• _ABOUT THIS EXERCISE_
Could you write out every record below exactly, leaving out any pictures?

• _RECORDS FOR THIS EXERCISE_
· · · · · · ·
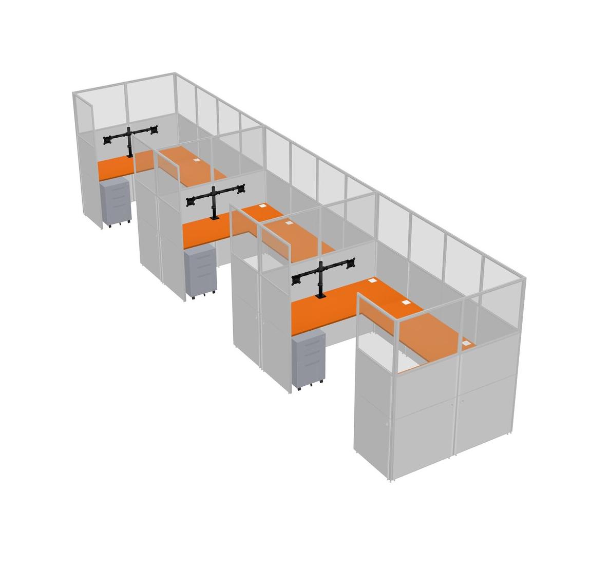 Système De Panneaux En U Orange Pour 3 Personnes + Bras De Moniteur (bras Doubles) + Tiroirs Mobiles En Métal Pour 3 Utilisateur(s)
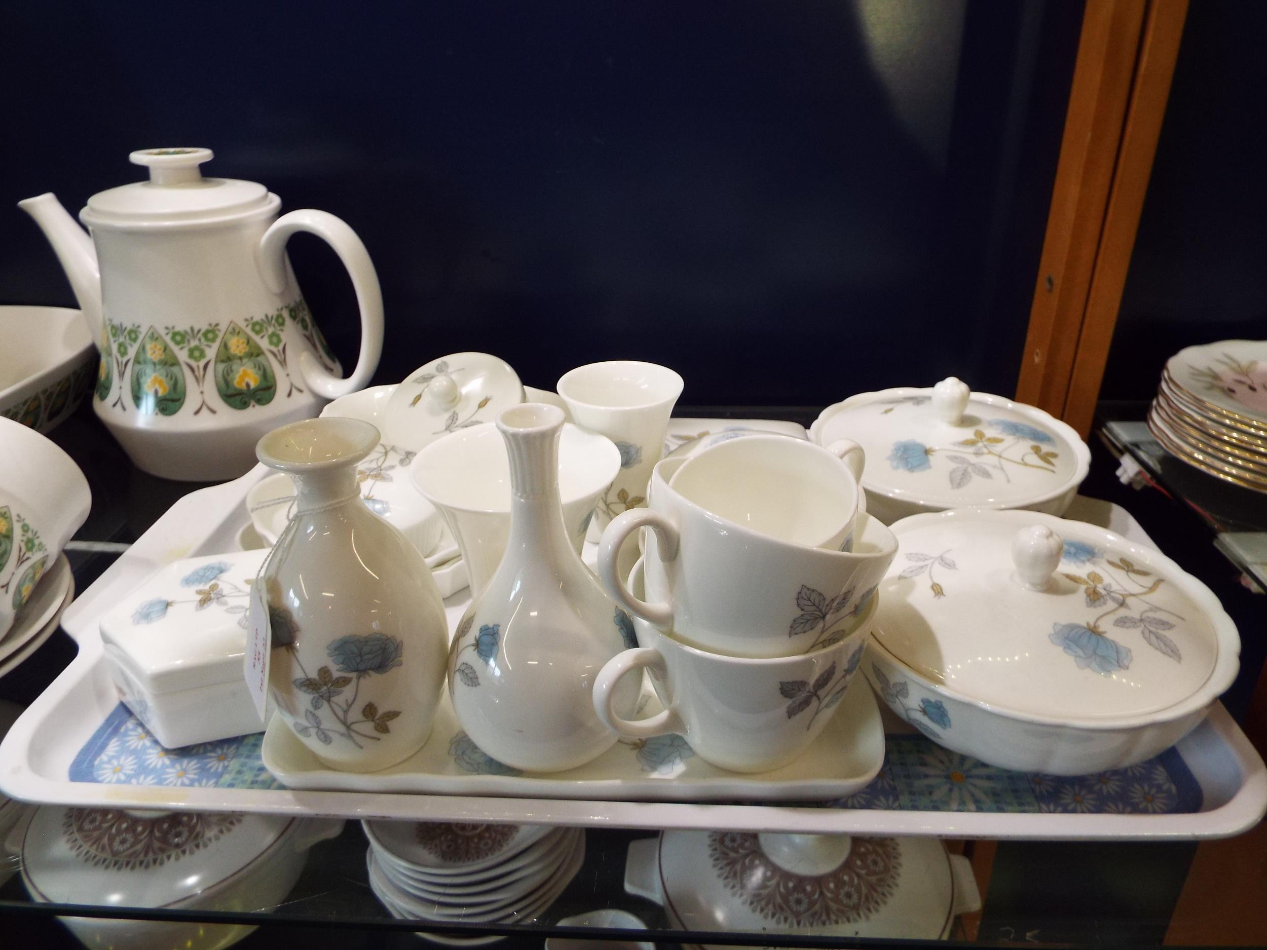 A mixed selection of Wedgwood 'Ice Rose' china to include vases, lidded pots, pin dishes etc
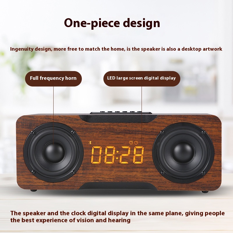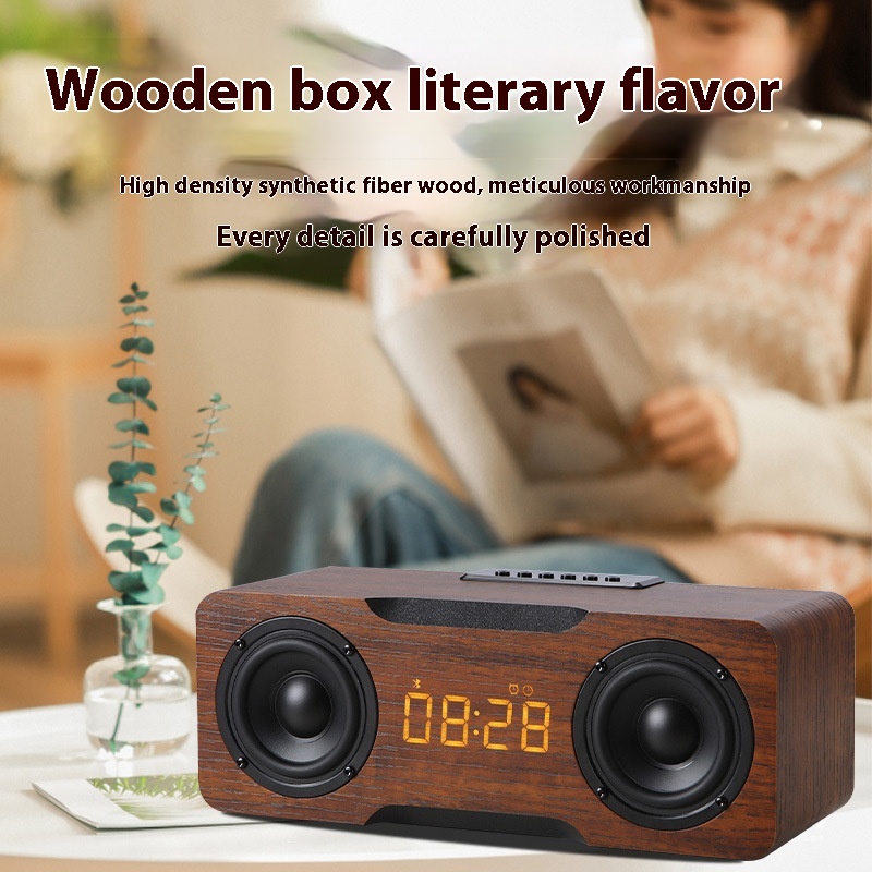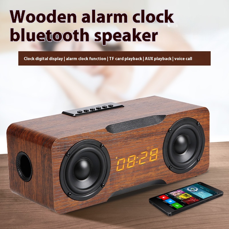 M8 CWooden Clock Bluetooth Speaker Supports UDisk TFCard Function Home Desktop Speaker
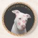 Weiße Pitbulle mit roten Küssen über sein Gesicht. Getränkeuntersetzer
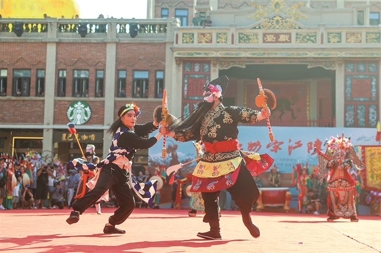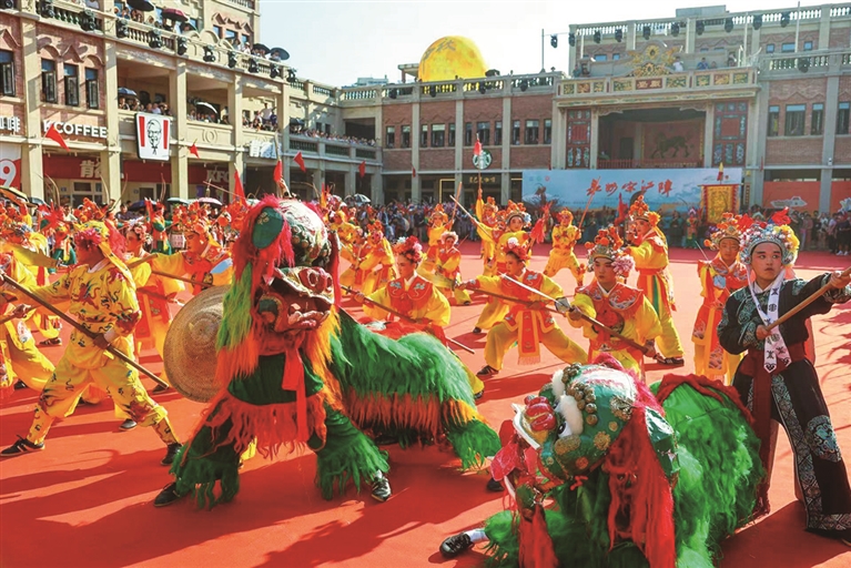 “宋江阵”曾是闽南民间保家卫国的武阵,以阵法操演、兵器对决彰显忠义精神。如今,它融合武术、舞蹈、杂技等元素,成为非遗活态传承的典范。活动现场,刣狮、南拳、青龙阵、八卦阵轮番上演,既还原古战场智慧,亦展现闽南人“自强不息、团结协作”的基因。
· · · · · · ·
• _ANSWER BOX_
 Système De Panneaux En U Orange Pour 3 Personnes + Bras De Moniteur (bras Doubles) + Tiroirs Mobiles En Métal Pour 3 Utilisateur(s)
 A mixed selection of Wedgwood 'Ice Rose' china to include vases, lidded pots, pin dishes etc
 M8 CWooden Clock Bluetooth Speaker Supports UDisk TFCard Function Home Desktop Speaker
 Weiße Pitbulle mit roten Küssen über sein Gesicht. Getränkeuntersetzer
 “宋江阵”曾是闽南民间保家卫国的武阵,以阵法操演、兵器对决彰显忠义精神。如今,它融合武术、舞蹈、杂技等元素,成为非遗活态传承的典范。活动现场,刣狮、南拳、青龙阵、八卦阵轮番上演,既还原古战场智慧,亦展现闽南人“自强不息、团结协作”的基因。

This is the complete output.